====== Supplied information ======
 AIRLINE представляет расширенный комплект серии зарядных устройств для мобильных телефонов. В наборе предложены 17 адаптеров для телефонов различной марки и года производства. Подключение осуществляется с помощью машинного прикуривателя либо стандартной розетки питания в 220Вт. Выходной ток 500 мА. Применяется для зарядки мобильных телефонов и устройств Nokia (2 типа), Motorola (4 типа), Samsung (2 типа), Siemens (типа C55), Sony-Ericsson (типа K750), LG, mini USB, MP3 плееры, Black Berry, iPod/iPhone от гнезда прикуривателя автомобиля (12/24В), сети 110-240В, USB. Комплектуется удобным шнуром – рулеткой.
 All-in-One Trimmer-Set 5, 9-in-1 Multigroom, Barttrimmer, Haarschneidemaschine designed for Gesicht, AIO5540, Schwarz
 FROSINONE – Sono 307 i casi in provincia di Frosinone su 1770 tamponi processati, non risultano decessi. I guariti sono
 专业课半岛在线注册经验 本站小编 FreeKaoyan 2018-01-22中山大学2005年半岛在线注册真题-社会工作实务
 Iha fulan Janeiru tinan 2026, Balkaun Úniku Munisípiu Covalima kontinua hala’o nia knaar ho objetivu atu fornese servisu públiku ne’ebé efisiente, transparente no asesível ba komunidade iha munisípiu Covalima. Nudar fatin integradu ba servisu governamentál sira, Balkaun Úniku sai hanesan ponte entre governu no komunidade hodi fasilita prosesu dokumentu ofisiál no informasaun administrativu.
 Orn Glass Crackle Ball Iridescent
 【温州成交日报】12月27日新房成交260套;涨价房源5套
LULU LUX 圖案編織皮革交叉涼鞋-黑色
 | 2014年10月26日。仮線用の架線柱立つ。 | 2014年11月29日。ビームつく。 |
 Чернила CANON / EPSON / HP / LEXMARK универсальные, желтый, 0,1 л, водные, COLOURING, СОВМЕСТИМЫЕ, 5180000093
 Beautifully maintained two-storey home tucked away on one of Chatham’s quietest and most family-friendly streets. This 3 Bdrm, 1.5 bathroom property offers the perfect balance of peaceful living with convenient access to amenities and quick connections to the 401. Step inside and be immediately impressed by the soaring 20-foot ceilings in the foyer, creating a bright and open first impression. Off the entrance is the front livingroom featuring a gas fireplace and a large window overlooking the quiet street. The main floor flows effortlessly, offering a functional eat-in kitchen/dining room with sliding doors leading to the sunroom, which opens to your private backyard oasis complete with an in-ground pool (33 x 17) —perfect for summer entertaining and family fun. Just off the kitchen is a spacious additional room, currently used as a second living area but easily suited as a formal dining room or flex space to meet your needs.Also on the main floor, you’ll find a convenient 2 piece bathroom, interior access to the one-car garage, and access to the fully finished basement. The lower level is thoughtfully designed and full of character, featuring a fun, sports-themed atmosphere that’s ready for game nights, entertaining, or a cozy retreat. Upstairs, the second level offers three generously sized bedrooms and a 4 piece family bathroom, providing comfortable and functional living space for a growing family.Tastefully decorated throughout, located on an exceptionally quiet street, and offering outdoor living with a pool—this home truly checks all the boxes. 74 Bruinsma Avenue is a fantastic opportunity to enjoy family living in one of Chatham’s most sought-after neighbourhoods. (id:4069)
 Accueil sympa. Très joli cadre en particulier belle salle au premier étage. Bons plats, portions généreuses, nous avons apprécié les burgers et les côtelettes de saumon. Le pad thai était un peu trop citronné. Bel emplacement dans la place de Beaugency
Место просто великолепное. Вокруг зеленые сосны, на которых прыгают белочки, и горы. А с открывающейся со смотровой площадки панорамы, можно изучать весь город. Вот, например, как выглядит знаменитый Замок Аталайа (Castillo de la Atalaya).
======
• Work to complete
Among the lines above, repeat exactly those from the line with "FROSINONE – Sono" to the line with "专业课半岛在线注册经验 本站小编 FreeKaoyan", counting both ends.

• Task output
 FROSINONE – Sono 307 i casi in provincia di Frosinone su 1770 tamponi processati, non risultano decessi. I guariti sono
 专业课半岛在线注册经验 本站小编 FreeKaoyan 2018-01-22中山大学2005年半岛在线注册真题-社会工作实务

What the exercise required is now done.